=== Data below ===

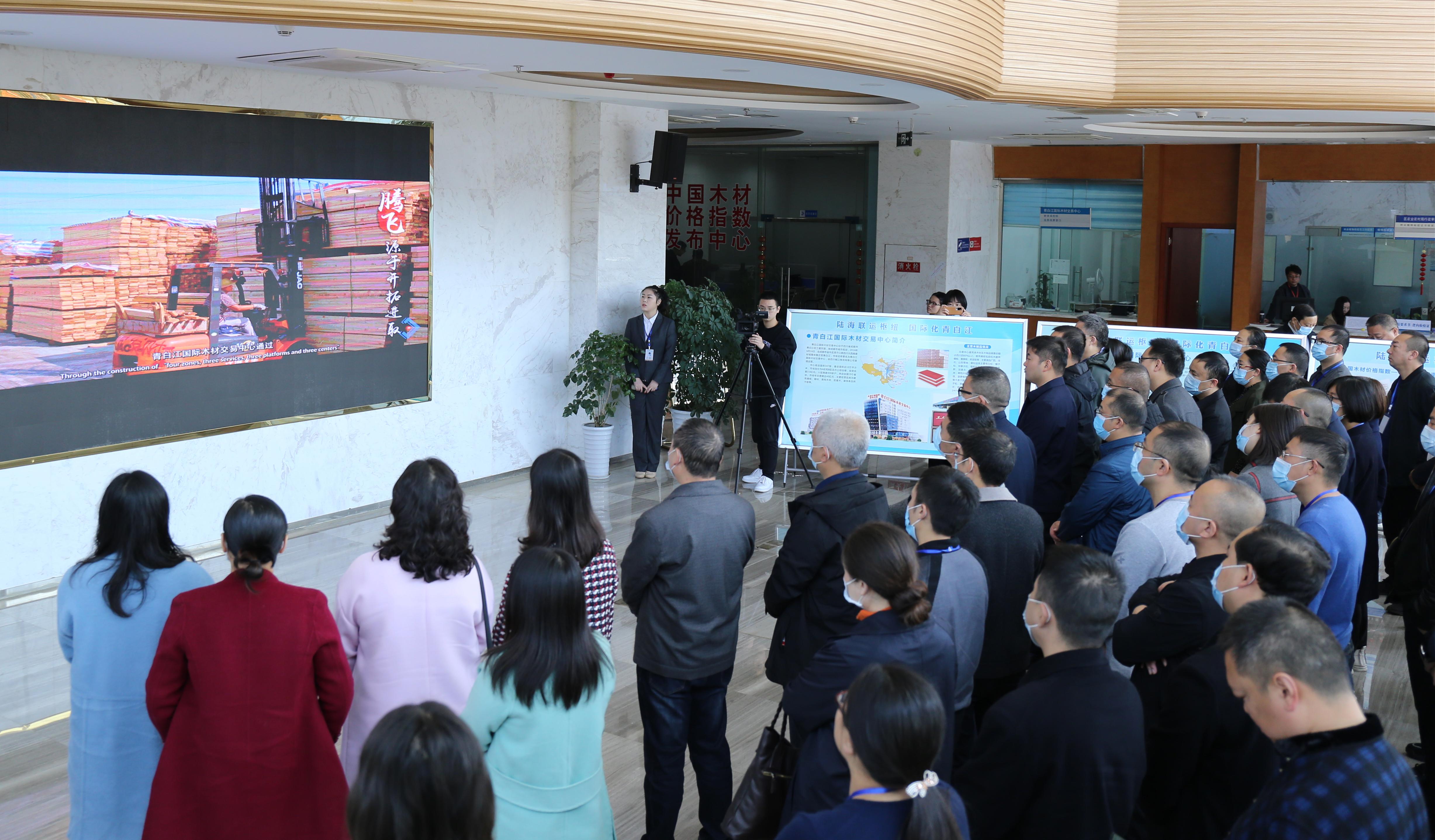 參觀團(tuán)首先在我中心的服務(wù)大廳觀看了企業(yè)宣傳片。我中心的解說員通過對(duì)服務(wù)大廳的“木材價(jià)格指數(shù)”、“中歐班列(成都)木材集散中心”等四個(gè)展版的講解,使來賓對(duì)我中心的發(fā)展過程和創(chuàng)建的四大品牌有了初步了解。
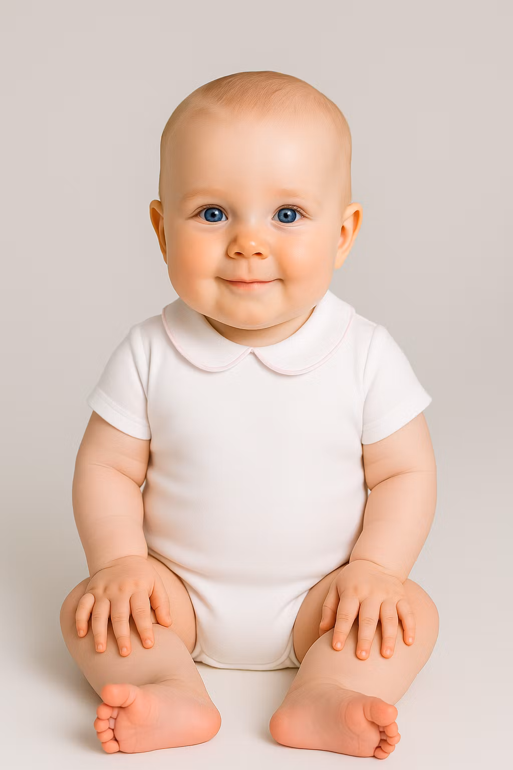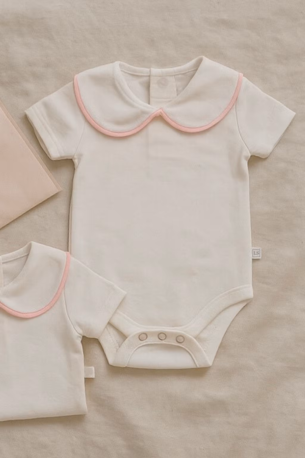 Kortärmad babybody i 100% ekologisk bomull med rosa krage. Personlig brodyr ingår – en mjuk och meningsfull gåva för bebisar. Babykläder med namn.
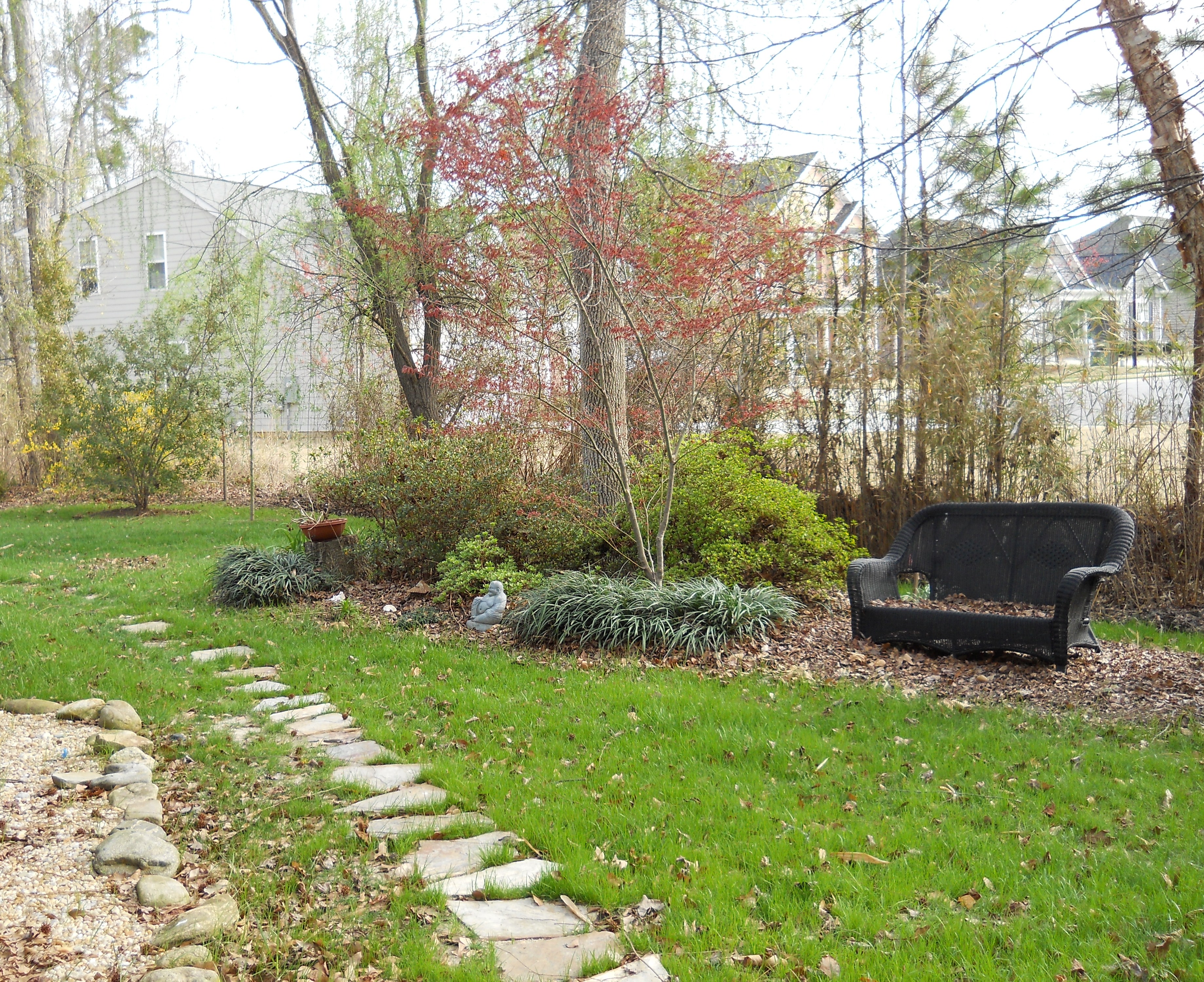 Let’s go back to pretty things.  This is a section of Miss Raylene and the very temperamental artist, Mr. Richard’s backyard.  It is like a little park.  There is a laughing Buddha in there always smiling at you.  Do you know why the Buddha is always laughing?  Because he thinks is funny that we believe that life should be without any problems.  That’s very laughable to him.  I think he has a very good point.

=== What you will do ===
Only the pictures stay behind; everything else in the data above is to be retyped exactly.

=== Written answer ===
 參觀團(tuán)首先在我中心的服務(wù)大廳觀看了企業(yè)宣傳片。我中心的解說員通過對(duì)服務(wù)大廳的“木材價(jià)格指數(shù)”、“中歐班列(成都)木材集散中心”等四個(gè)展版的講解,使來賓對(duì)我中心的發(fā)展過程和創(chuàng)建的四大品牌有了初步了解。
 Kortärmad babybody i 100% ekologisk bomull med rosa krage. Personlig brodyr ingår – en mjuk och meningsfull gåva för bebisar. Babykläder med namn.
 Let’s go back to pretty things.  This is a section of Miss Raylene and the very temperamental artist, Mr. Richard’s backyard.  It is like a little park.  There is a laughing Buddha in there always smiling at you.  Do you know why the Buddha is always laughing?  Because he thinks is funny that we believe that life should be without any problems.  That’s very laughable to him.  I think he has a very good point.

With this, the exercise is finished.